[Your instructions]:
Exact copies of all the entries are required, and no pictures should appear in them.

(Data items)
====

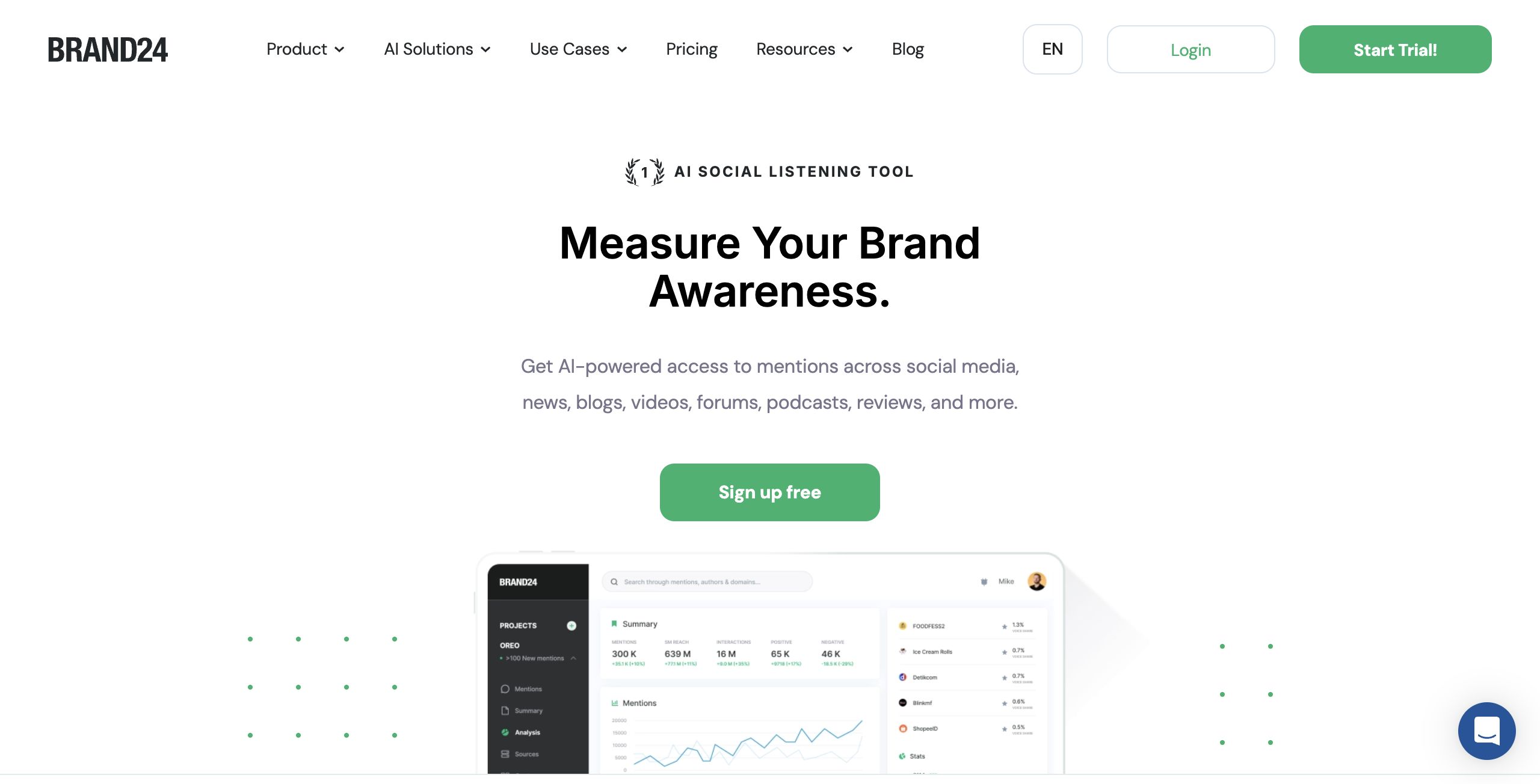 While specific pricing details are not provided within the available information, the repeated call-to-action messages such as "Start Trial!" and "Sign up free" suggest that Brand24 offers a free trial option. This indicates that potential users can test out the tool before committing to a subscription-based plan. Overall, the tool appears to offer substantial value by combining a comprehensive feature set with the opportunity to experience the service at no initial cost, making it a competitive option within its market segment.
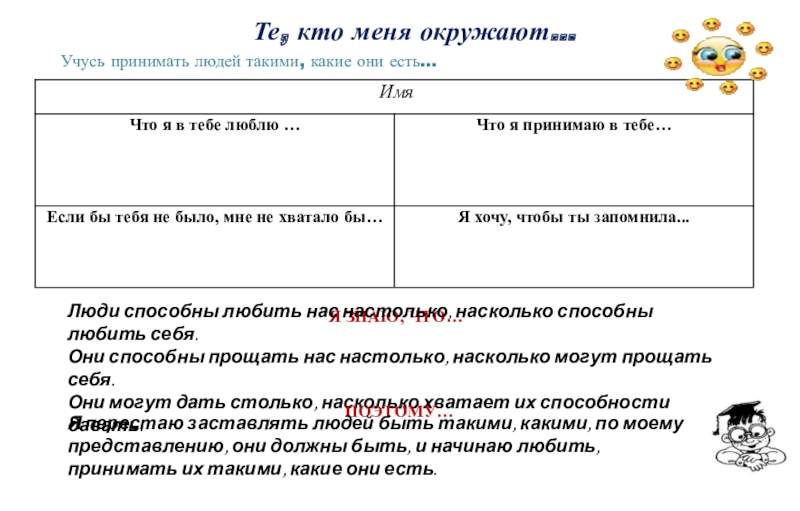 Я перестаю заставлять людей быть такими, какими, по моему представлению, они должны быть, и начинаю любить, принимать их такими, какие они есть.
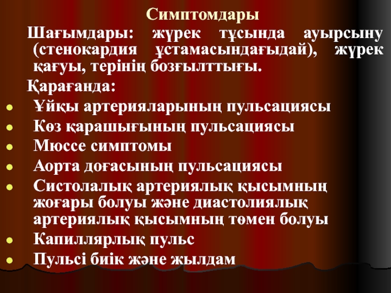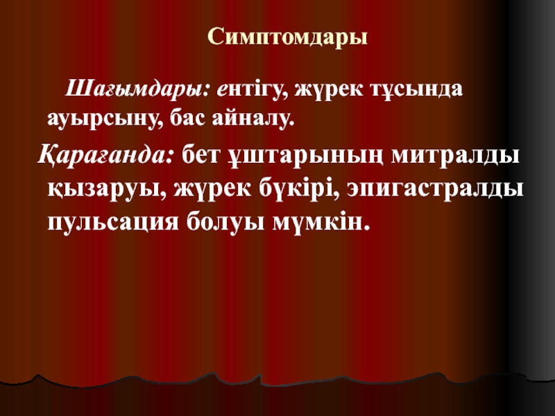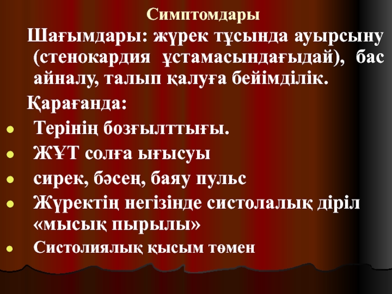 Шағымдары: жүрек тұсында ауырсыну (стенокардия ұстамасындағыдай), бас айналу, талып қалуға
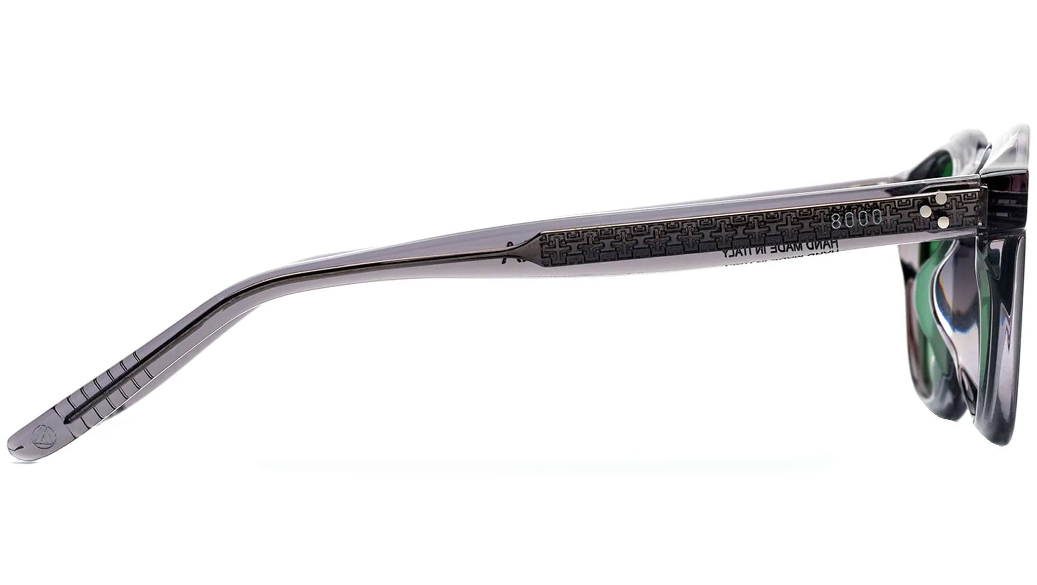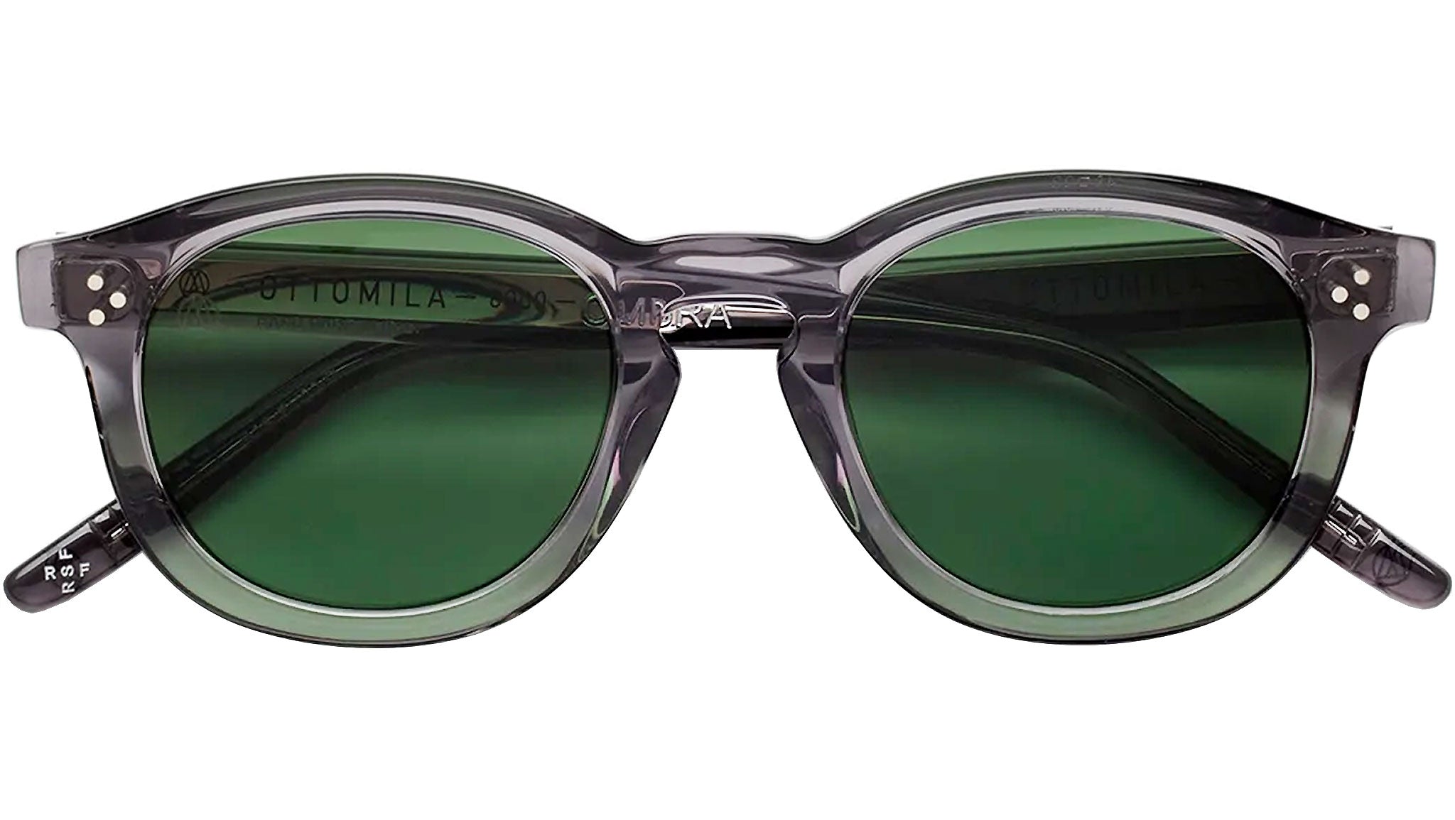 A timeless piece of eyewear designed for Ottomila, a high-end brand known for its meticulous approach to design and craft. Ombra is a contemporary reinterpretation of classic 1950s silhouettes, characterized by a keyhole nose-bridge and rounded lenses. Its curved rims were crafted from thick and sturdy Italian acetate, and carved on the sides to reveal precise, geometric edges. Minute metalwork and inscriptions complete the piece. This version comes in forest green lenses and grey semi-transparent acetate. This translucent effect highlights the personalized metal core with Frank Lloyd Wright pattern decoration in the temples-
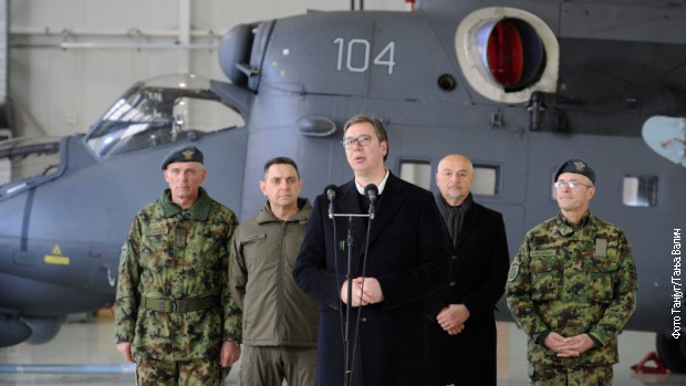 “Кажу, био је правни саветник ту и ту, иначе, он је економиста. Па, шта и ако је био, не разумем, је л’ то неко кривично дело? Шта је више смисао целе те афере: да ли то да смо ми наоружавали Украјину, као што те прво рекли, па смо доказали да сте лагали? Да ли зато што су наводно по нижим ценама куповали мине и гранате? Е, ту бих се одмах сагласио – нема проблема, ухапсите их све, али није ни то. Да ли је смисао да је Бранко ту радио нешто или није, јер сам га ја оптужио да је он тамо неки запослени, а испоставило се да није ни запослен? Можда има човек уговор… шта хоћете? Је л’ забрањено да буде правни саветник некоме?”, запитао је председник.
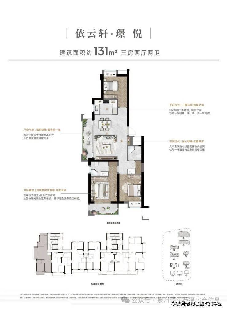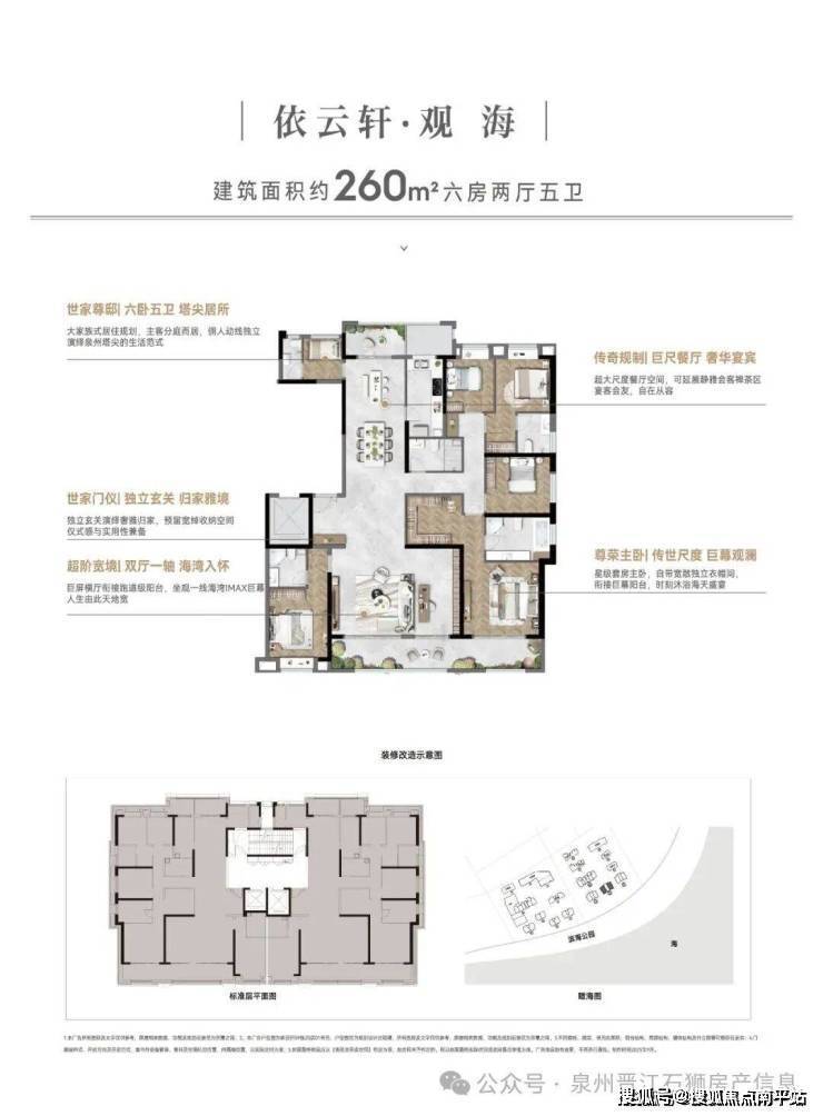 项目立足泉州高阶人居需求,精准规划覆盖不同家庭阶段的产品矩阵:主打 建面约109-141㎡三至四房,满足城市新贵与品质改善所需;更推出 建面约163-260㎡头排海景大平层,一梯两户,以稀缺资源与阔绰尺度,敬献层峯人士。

====

[The answer]:
 While specific pricing details are not provided within the available information, the repeated call-to-action messages such as "Start Trial!" and "Sign up free" suggest that Brand24 offers a free trial option. This indicates that potential users can test out the tool before committing to a subscription-based plan. Overall, the tool appears to offer substantial value by combining a comprehensive feature set with the opportunity to experience the service at no initial cost, making it a competitive option within its market segment.
 Я перестаю заставлять людей быть такими, какими, по моему представлению, они должны быть, и начинаю любить, принимать их такими, какие они есть.
 Шағымдары: жүрек тұсында ауырсыну (стенокардия ұстамасындағыдай), бас айналу, талып қалуға
 A timeless piece of eyewear designed for Ottomila, a high-end brand known for its meticulous approach to design and craft. Ombra is a contemporary reinterpretation of classic 1950s silhouettes, characterized by a keyhole nose-bridge and rounded lenses. Its curved rims were crafted from thick and sturdy Italian acetate, and carved on the sides to reveal precise, geometric edges. Minute metalwork and inscriptions complete the piece. This version comes in forest green lenses and grey semi-transparent acetate. This translucent effect highlights the personalized metal core with Frank Lloyd Wright pattern decoration in the temples-
 “Кажу, био је правни саветник ту и ту, иначе, он је економиста. Па, шта и ако је био, не разумем, је л’ то неко кривично дело? Шта је више смисао целе те афере: да ли то да смо ми наоружавали Украјину, као што те прво рекли, па смо доказали да сте лагали? Да ли зато што су наводно по нижим ценама куповали мине и гранате? Е, ту бих се одмах сагласио – нема проблема, ухапсите их све, али није ни то. Да ли је смисао да је Бранко ту радио нешто или није, јер сам га ја оптужио да је он тамо неки запослени, а испоставило се да није ни запослен? Можда има човек уговор… шта хоћете? Је л’ забрањено да буде правни саветник некоме?”, запитао је председник.
 项目立足泉州高阶人居需求,精准规划覆盖不同家庭阶段的产品矩阵:主打 建面约109-141㎡三至四房,满足城市新贵与品质改善所需;更推出 建面约163-260㎡头排海景大平层,一梯两户,以稀缺资源与阔绰尺度,敬献层峯人士。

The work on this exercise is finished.